Knapsack 1/0 Implementation needs explanation

Question

I'm trying to understand this dynamic programming approach to the Knapsack 1/0 Problem but i fail to get the algorithm.

Would somebody please be so kind as to explain this specific implementation, taken from Rosetta Code to me?

Updating the code with some comments would help a lot!

#include <stdio.h>
#include <stdlib.h>
#include <stdint.h>

typedef struct {
        const char * name;
        int weight, value;
} item_t;

item_t item[] = {
        {"map",                     9,       150},
        {"compass",                 13,      35},
        {"water",                   153,     200},
        {"sandwich",                50,      160},
        {"glucose",                 15,      60},
        {"tin",                     68,      45},
        {"banana",                  27,      60},
        {"apple",                   39,      40},
        {"cheese",                  23,      30},
        {"beer",                    52,      10},
        {"suntancream",             11,      70},
        {"camera",                  32,      30},
        {"T-shirt",                 24,      15},
        {"trousers",                48,      10},
        {"umbrella",                73,      40},
        {"waterproof trousers",     42,      70},
        {"waterproof overclothes",  43,      75},
        {"note-case",               22,      80},
        {"sunglasses",              7,       20},
        {"towel",                   18,      12},
        {"socks",                   4,       50},
        {"book",                    30,      10}
};

#define n_items (sizeof(item)/sizeof(item_t))

typedef struct {
        uint32_t bits; /* 32 bits, can solve up to 32 items */
        int value;
} solution;


void optimal(int weight, int idx, solution *s)
{
        solution v1, v2;
        if (idx < 0) {
                s->bits = s->value = 0;
                return;
        }

        if (weight < item[idx].weight) {
                optimal(weight, idx - 1, s);
                return;
         }

        optimal(weight, idx - 1, &v1);
        optimal(weight - item[idx].weight, idx - 1, &v2);

        v2.value += item[idx].value;
        v2.bits |= (1 << idx);

        *s = (v1.value >= v2.value) ? v1 : v2;
}

int main(void)
{
        int i = 0, w = 0;
        solution s = {0, 0};
        optimal(400, n_items - 1, &s);

        for (i = 0; i < n_items; i++) {
                if (s.bits & (1 << i)) {
                        printf("%s\n", item[i].name);
                        w += item[i].weight;
                }
        }
        printf("Total value: %d; weight: %d\n", s.value, w);
        return 0;
}

Thanks a lot in advance, skylla

Answer 1

I don't understand exactly why solutions v1 and v2 are used, what they are used for

They correspond to the choices of not including or including, respectively, the item with index "idx" in the solution.

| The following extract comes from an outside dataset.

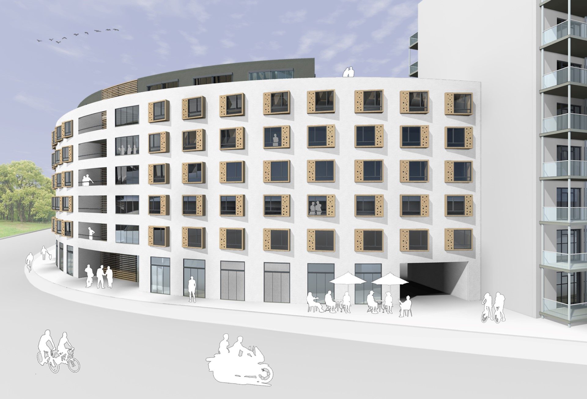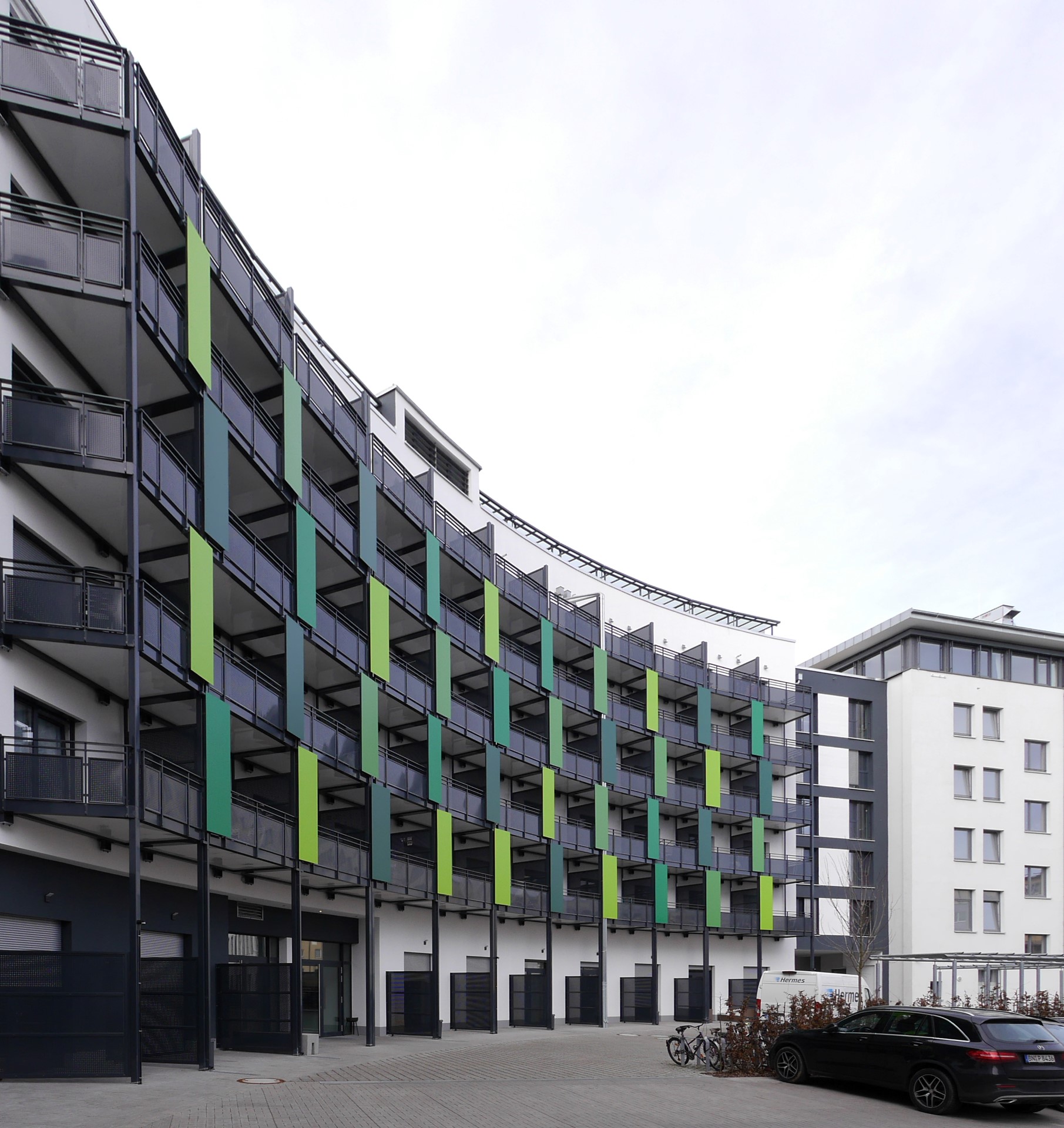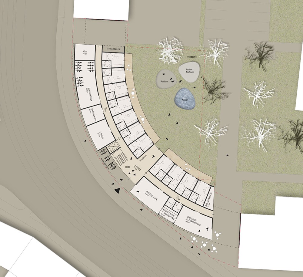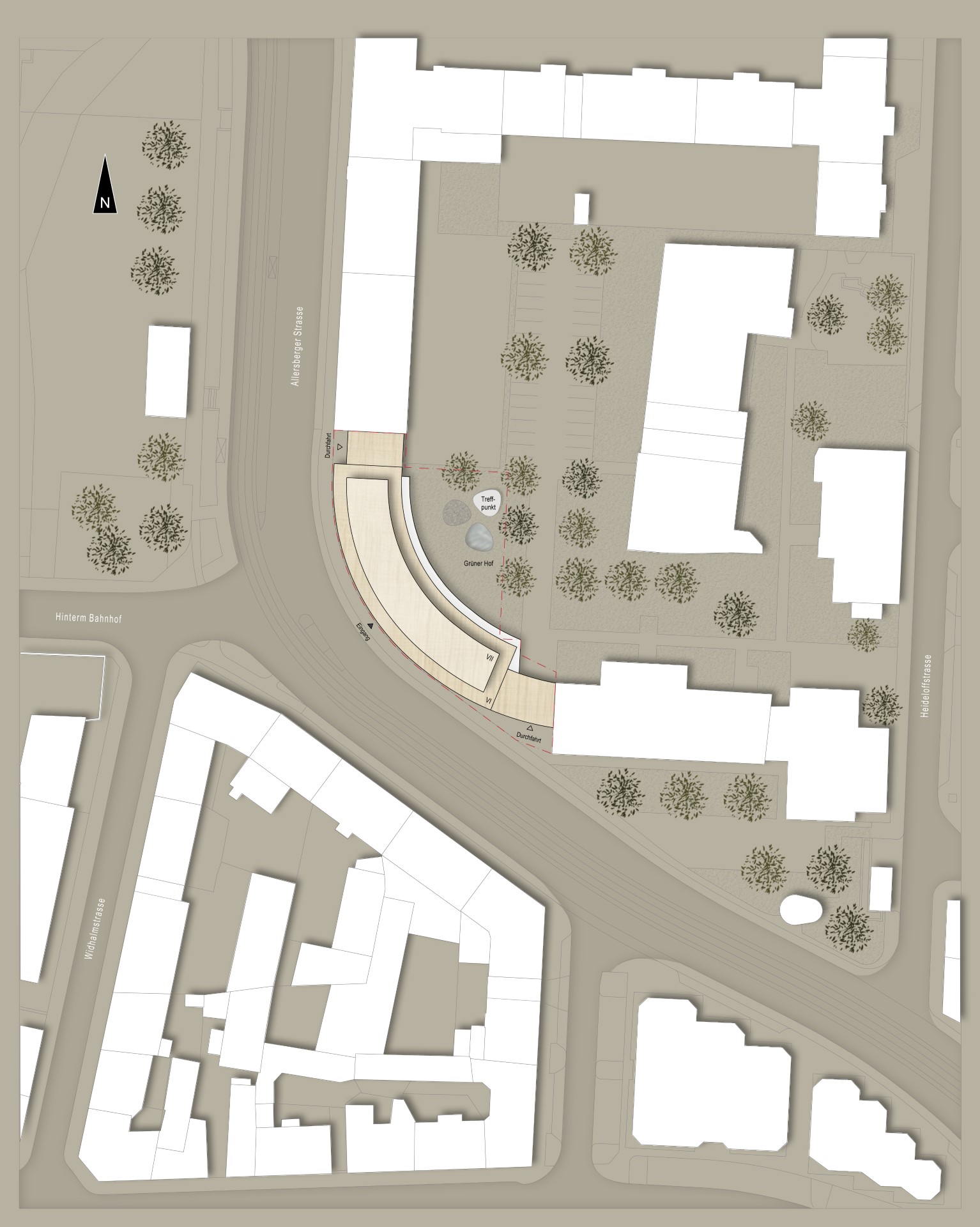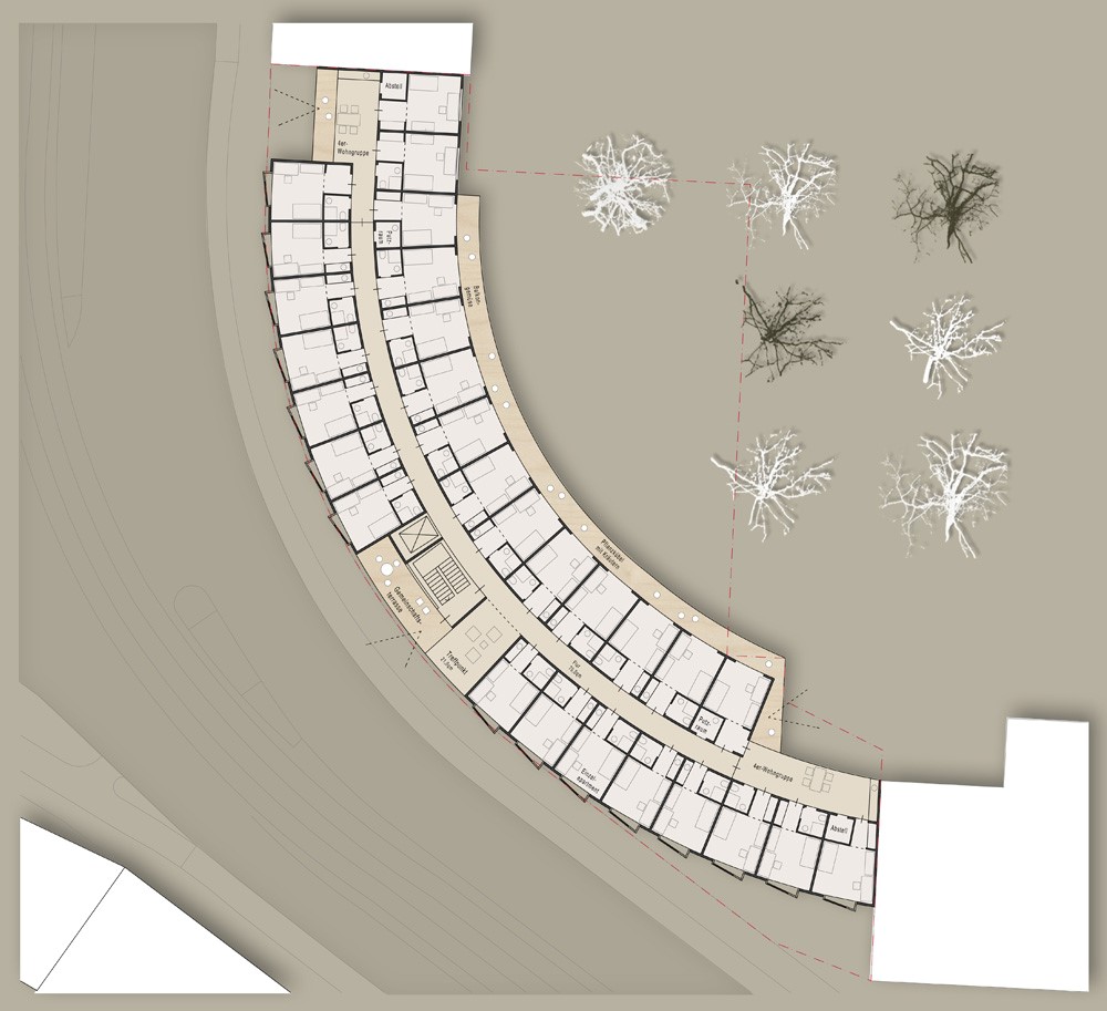 Der Bebauungsvorschlag des Vorbescheides wird aufgegriffen. Das Gebäude wird als zweihüftiger kompakter Baukörper entlang der Allersberger Straße ausformuliert. Die durch das Grundstück vorgegebene Rundung wird aufgenommen. Der Baukörper schließt die bestehende städtebauliche Lücke dadurch mit einer ruhigen Geste ab.Der Haupteingang zum neuen Studentenwohnhaus befindet sich zentral an exponierter Stelle. Zwei Durchfahrten zum Hof ergeben sich in den Anschlussbereichen zu den Bestandsgebäuden.

what the 2 if-conditions at the beginning of optimal() mean....

if (idx < 0) means simply there are no more items to consider, it's the end of the recursion

if (weight < item[idx].weight) checks the if it's possible at all to include item idx. It's not possible to include if its own weight is greater than the limit weight.

Also, note that this is not a dynamic programming, but a simple recursive algorithm that generates all possible subsets of elements (the recursion tree pruned here and there).